Englander pointed to a few studies on younger kids, including a small study of Midwestern students that found that nearly 18 percent of kids in grades 3, 4 and 5 said they had been cyberbullied. A much larger study conducted by the University of New Hampshire’s Crimes Against Children Research Center put it at about 6 percent for 10- to 12-year-olds. Englander said that young children who own cell phones are more likely (8 percent vs. 1.5 percent) to be cyberbullies than those who don’t own phones and slightly likely to be victims of cyberbullying (5.9 percent vs. 4.8 percent) .

Larry’s KCBS live segment about IBPA conference

Just as the actual number of cyberbullying victims is a bit fuzzy, so is its likely impact. Research shows that the impact of cyber or physical bullying on a young person can range from very mild to very severe, with far more children reporting relatively minor consequences than those reporting severe reactions.

Conference presenter and suicide expert Nancy Buyle cautioned attendees to avoid claiming that bullying leads to suicide. While there is some correlation between bullying and suicidal thoughts, there is no evidence that it has a significant effect on the youth suicide rate, despite news stories that make the connection. There are some relatively rare cases of young people taking their own lives after a bullying incident but there are many more cases where that doesn’t happen and many other factors, including mental health, that can lead a young person to make that tragic decision. Buyle stressed that media reports that sensationalize the tenuous and often unproven connection between cases of cyberbullying and suicide can worsen the problem of suicide contagion. This echoes the American Foundation for Suicide Prevention, whose Recommendations for Reporting on Suicides ( starts out with “More than 50 research studies worldwide have found that certain types of news coverage can increase the likelihood of suicide in vulnerable individuals.”

Larry’s 1-minute CBS News Tech Talk segment on IBPA conference

I was fascinated by the panel titled “Bias-Based Bullying and Cyberbullying Since 2014,” given all the anecdotal reports of bullying and harassment before and after the 2016 election as well as recent hate-related events such as the neo-Nazi march in Charlottesville.
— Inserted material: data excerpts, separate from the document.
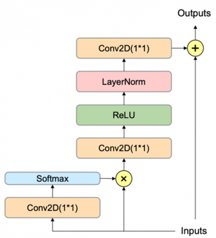 The convolution operation utilizes local information to calculate the target pixel, and the receptive field is determined by the size of the convolution kernel. Due to the inability to introduce global information, traditional convolution has limitations in prediction. Currently, there are some straightforward methods to alleviate this problem, such as using larger convolution filters or building deeper networks. However, these methods do not significantly improve the results. The receptive fields of specific layers are still limited even with feature fusion, which increases the computational costs. The SSD algorithm does not consider the impact of environmental context on local objects, greatly limiting its ability to recognize small-scale, occluded, and low-resolution objects. There is a certain positional correlation between different pieces of power equipment. For example, in large-scale datasets, transformer equipment is usually installed between two utility poles; in small-scale datasets, there are adjacent positions between insulators and crossbars. Introducing context information into the model can implicitly model the positional correlation between different pieces of equipment and avoid missed or false detections. However, not all environmental context information is beneficial to improving object detection performance; adding meaningless background noise may even impair detection performance. Therefore, identifying useful context information is necessary. We introduce a global context block (GCBlock) for modeling context semantics at specific query positions. It can help the model assign different weights to remote positions of the input, extract critical information, and make more accurate judgments without causing significant computational and storage costs. As shallow feature maps contain more context information, the first three feature maps output by the backbone network are input into the GCBlock for context information extraction to obtain more accurate positional correlation modeling. Figure 5 shows the network structure of the global context block.
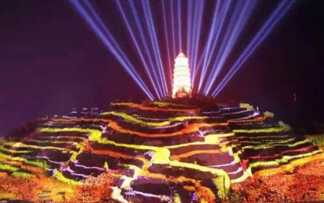 每当夜幕降临,宝塔山在灯光的照射之下,变化出不同的色彩,壮丽恢宏,大气磅礴。宝塔山灯光秀将实景、音乐和灯光融为一体,利用整个山体和塔体进行灯光表演,内容之丰富,面积之广阔,堪称全国之最。
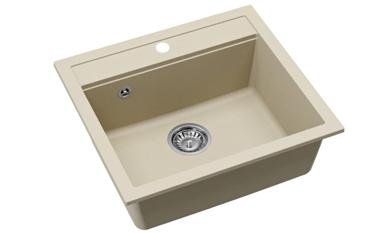 Granitový jednodřez jasmínový s montáží na pracovní desku o rozměru 56,5x51 cm a hloubkou 20 cm. Vhodný pro montáž do skříňky o šířce 60 cm.
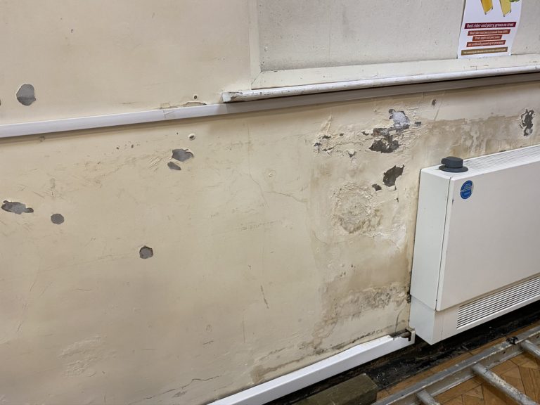 Once we were given the details of the problem, we arranged a no obligation survey with the team at the Liberal Club. One of our qualified damp surveyors attended the facility to carry out investigations into the cause of the problem. From this, it was found that the decorative spoiling had been caused by a historic gutter leak. As this leak worsened over time, it contributed to penetrating damp.
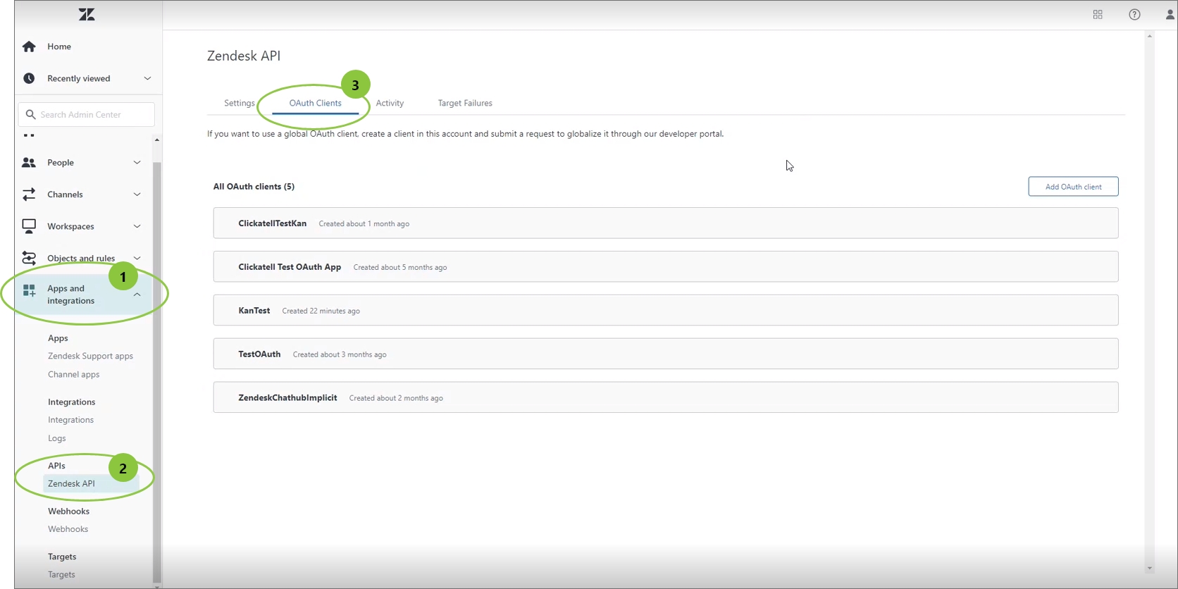 Go to Apps and Integrations -> Zendesk API -> OAuth Clients.

Englander and her colleagues from the Massachusetts Aggression Reduction Center, Meghan McCoy and Alex Trahnstrom, showed data suggesting that “bias-based incidents seem to be increasing in the U.S.,” just as bullying incidences not associated with bias are decreasing. The researchers didn’t pin this observation on any people or events, and it’s important to point out that correlation doesn’t equal causation, but their data tracks with an unscientific yet interesting survey report from the Southern Poverty Law Center called “The Trump Effect: The Impact of The 2016 Presidential Election on Our Nation’s Schools,” which found that “Ninety percent of educators report that school climate has been negatively affected,” based on an online survey of more than 10,000 educators. That survey also found that eight in 10 educators “report heightened anxiety on the part of marginalized students, including immigrants, Muslims, African Americans and LGBT students.” The report cautions that its results “are not scientific,” and that “those who responded may have been more likely to perceive problems than those who did not.”
I’m hoping to see some scientific research to confirm or refute any connection between recent national events and youth bullying, but my takeaway from the conference is that “climate” matters, and by climate, I mean storms of discontent and divisiveness that affect us all. I also learned that bullying, including cyberbullying overall, is not rising to epidemic proportions,  but continues to remain a serious problem, especially for marginalized groups and others whose “difference” makes them targets.